Consume Fatty Foods All Week? This May Alter How Your Body Processes Food
/A new study has revealed that if you eat fatty foods just five days in a row, it can alter how your body's muscle processes food.
Researchers indicated that after eating a high-fat diet, the way in which the body's muscle processes nutrients changes. This could lead to long-term problems such as weight gain, obesity, and other health issues.
High Fat Intake Can Change How Your Digest in Days
Most people think they can indulge in high-fat foods for a few days and get away with it, but this study found that all it takes is five days for your body's muscle to start to protest.
After just five days of eating a high-fat diet, the way in which the body's muscle processes nutrients changes. This could lead to long-term problems such as weight gain, obesity, and other health issues.
An article was published recently in the online version of the journal Obesity; researchers found that the manner in which muscle metabolizes nutrients is changed in justfive days of high-fat feeding.
This is the first study to prove that the change happens so quickly
How Our Bodies Respond to Eating Unhealthy Food
This study shows that our bodies are can respond dramatically to changes in diet in a shorter time frame than we have previously thought. Five days is a very short time. There are plenty of times when we all eat fatty foods for a few days. Holidays, vacations, or other celebrations can even have this effect.

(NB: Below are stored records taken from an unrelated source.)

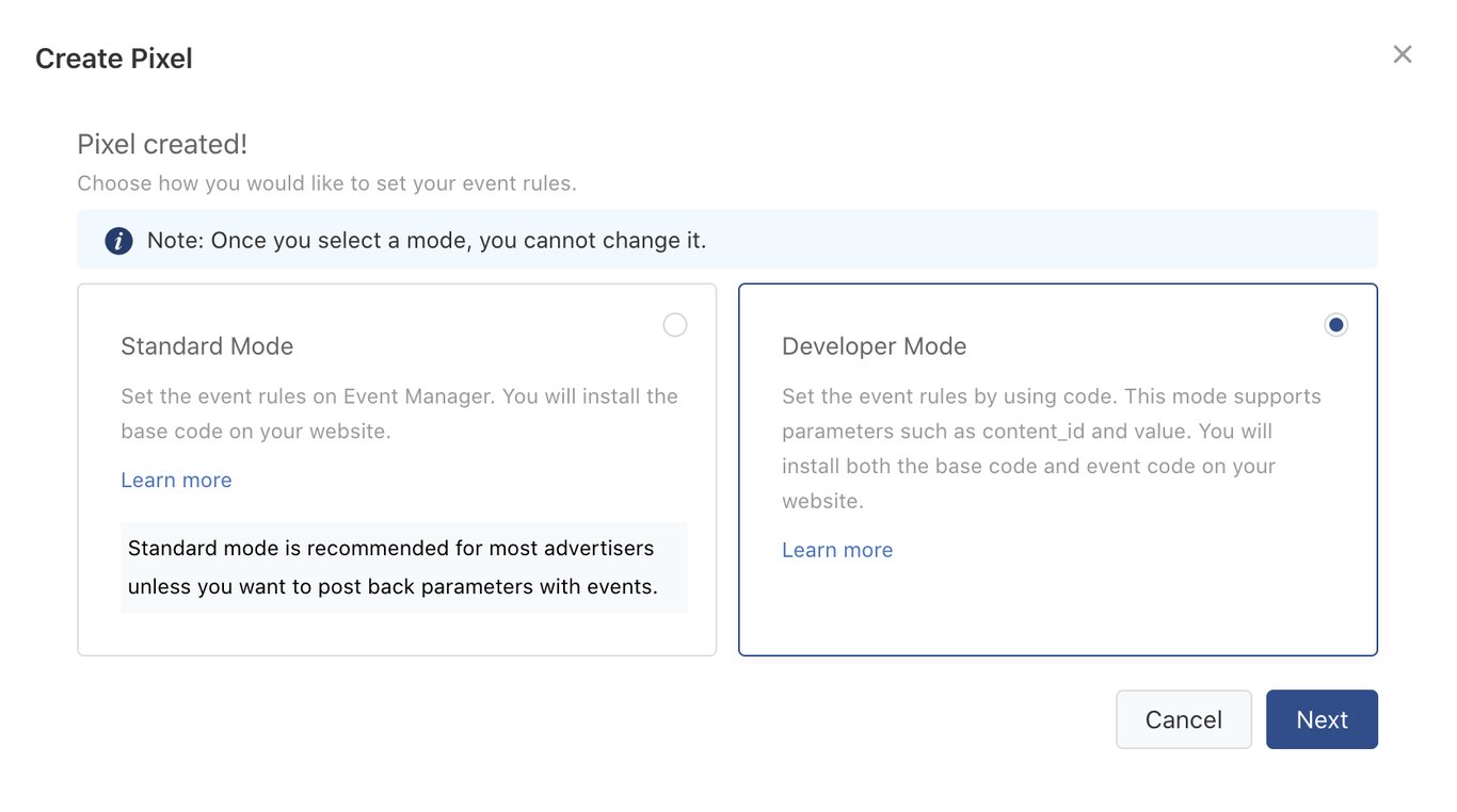 Este modo de implementación es avanzado, requiere modificaciones en el código y lo recomendamos a clientes que tienen dedicados recursos técnicos.Para crear el pixel sigue las instrucciones de la implementación básica, una vez creado selecciona la forma de implementación modo desarrollador (“Developer mode”).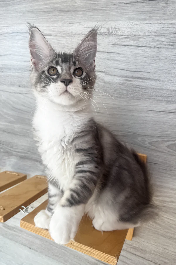 Hello! I’m Nina, a 3-month-old Maine Coon girl with a striking blue smoke blotched tabby bicolor coat and glowing yellow eyes that shine with warmth. I’m gentle, playful, and curious, making me the perfect mix of beauty and personality.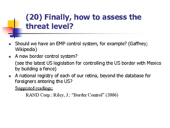 (20) Finally, how to assess the threat level? n n n Should we have an EMP control system, for example? (Gaffney; Wikipedia) A new border control system? (see the latest US legislation for controlling the US border with Mexico by building a fence) A national registry of each of our retina, beyond the database foreigners entering the US? Suggested readings: RAND Corp. : Riley, J. : “Border Control” (2006)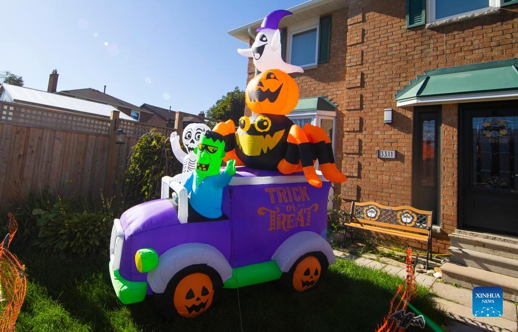 Halloween decorations are seen in front of a house in Mississauga, Ontario, Canada, on Oct. 19, 2021. Some residents in Ontario started to decorate their houses for the upcoming Halloween. (Photo by Zou Zheng/Xinhua)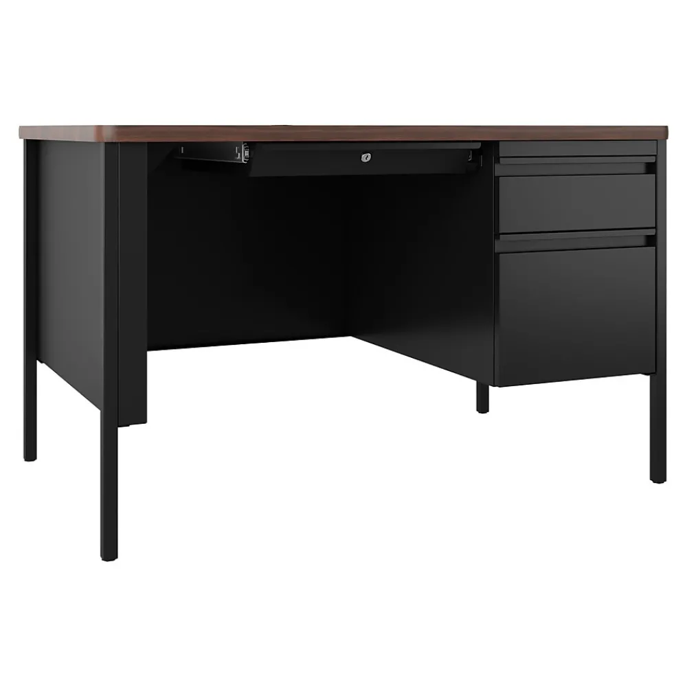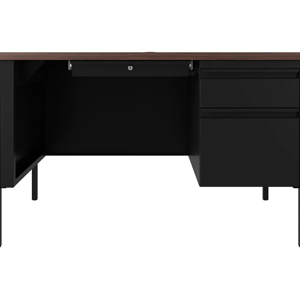 - Modern-style desk is constructed of high-quality steel in black with laminate work surface in a walnut finish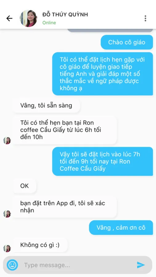 Ứng dụng tuyệt vời giúp người học Tiếng Anh có thể đặt lịch hẹn gặp với các giáo viên Tiếng Anh tại các quán Coffee của RON.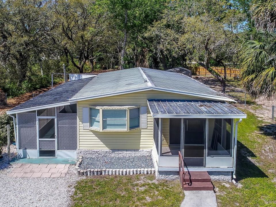 Fantastic opportunity to own this move in ready 2 bedroom 2 bathroom home with two screen enclosed patios. This property sits on almost a half an acre with two separate workshop/sheds (perfect for a Man Cave and a She Shed) plus a fire pit. Mature landscaping gives it a private retreat feel. As you walk in you are greeted by a large, light and bright, open kitchen. Living room has sliding glass doors to second patio. Carpeting is only 1 year old and in great condition. Master bedroom has a big walk-in closet, open sink vanity area for getting ready and large walk in shower. Fencing on the north side of the property is in the works and will be completed prior to closing. Be sure to check this property out before it is gone!
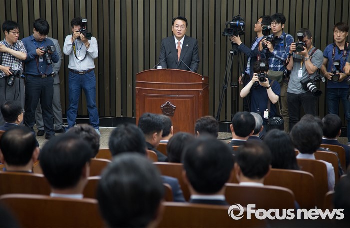 (서울=포커스뉴스) 정진석 새누리당 원내대표가 30일 오전 서울 여의도 국회에서 열린 의원총회에서 발언하고 있다.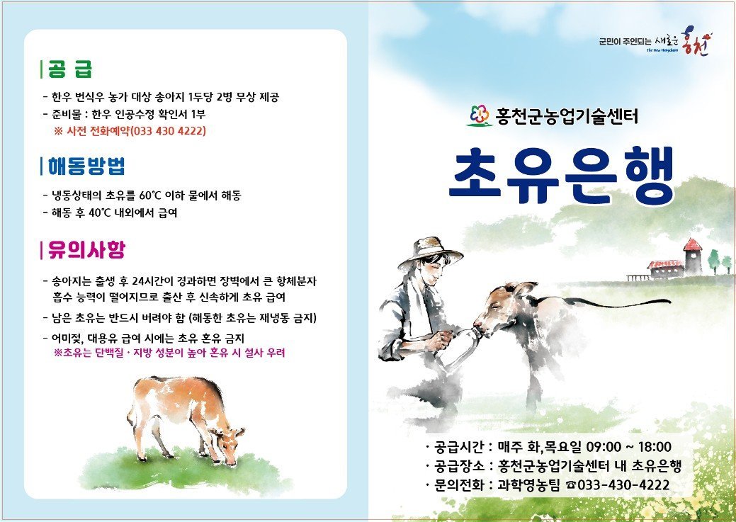 홍천군은 이러한 초유의 특성을 바탕으로 인공수정 확인서를 지참한 관내 농가에 1회 700mL 2병을 무상으로 지원해, 송아지 출생 직후 필요한 초유가 제때 급여되도록 적기 공급에 중점을 두고 있다.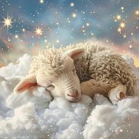Deze betoverende illustratie toont een slapend lammetje, genesteld op zachte wolken onder een fonkelende sterrenhemel. De zachte pastelkleuren en gedetailleerde weergave van de sterren creëren een dromerige en rustgevende sfeer, perfect voor een kinderkamer. Ideaal voor ouders die op zoek zijn naar een liefdevolle en magische muurkunst om een vredige omgeving voor hun kinderen te creëren. Een prachtig cadeau voor dierenliefhebbers en een charmante toevoeging aan de wereld van elk kind.

These high-fat diets can change a person's normal metabolism in a very short time frame. When food is eaten, the level of glucose in the blood rises. The body's muscle is a major clearinghouse for this glucose. It may break it down for energy, or it can store it for later use
The Muscle's Role in Digestion
Since muscle makes up about 30 percent of our body weight and it is such an important site for glucose metabolism, if normal metabolism is altered, it can have dire consequences on the rest of the body and can lead to health issues.. Researchers have found that muscles' ability to oxidize glucose after a meal is disrupted after five days of eating a high-fat diet, which could lead to the body's inability to respond to insulin, a risk factor for the development of diabetes and other diseases.
More on the Study
To conduct the study, healthy college-age students were fed a fat-laden diet that included sausage biscuits, macaroni and cheese, and food loaded with butter to increase the percentage of their daily fat intake.
A normal diet is made up of about 30 percent fat and students in this study had diets that were about 55 percent fat.
Their overall caloric intake remained the same as it was prior to the high fat diet. Muscle samples were then collected to see how it metabolized glucose. Although the study showed the manner in which the muscle metabolized glucose was altered, the students did not gain weight or have any signs of insulin resistance.
Research teams will now look into how these short-term changes in the muscle can adversely affect the body in the long run and how quickly these deleterious changes in the muscle can be reversed once someone returns to a low-fat diet.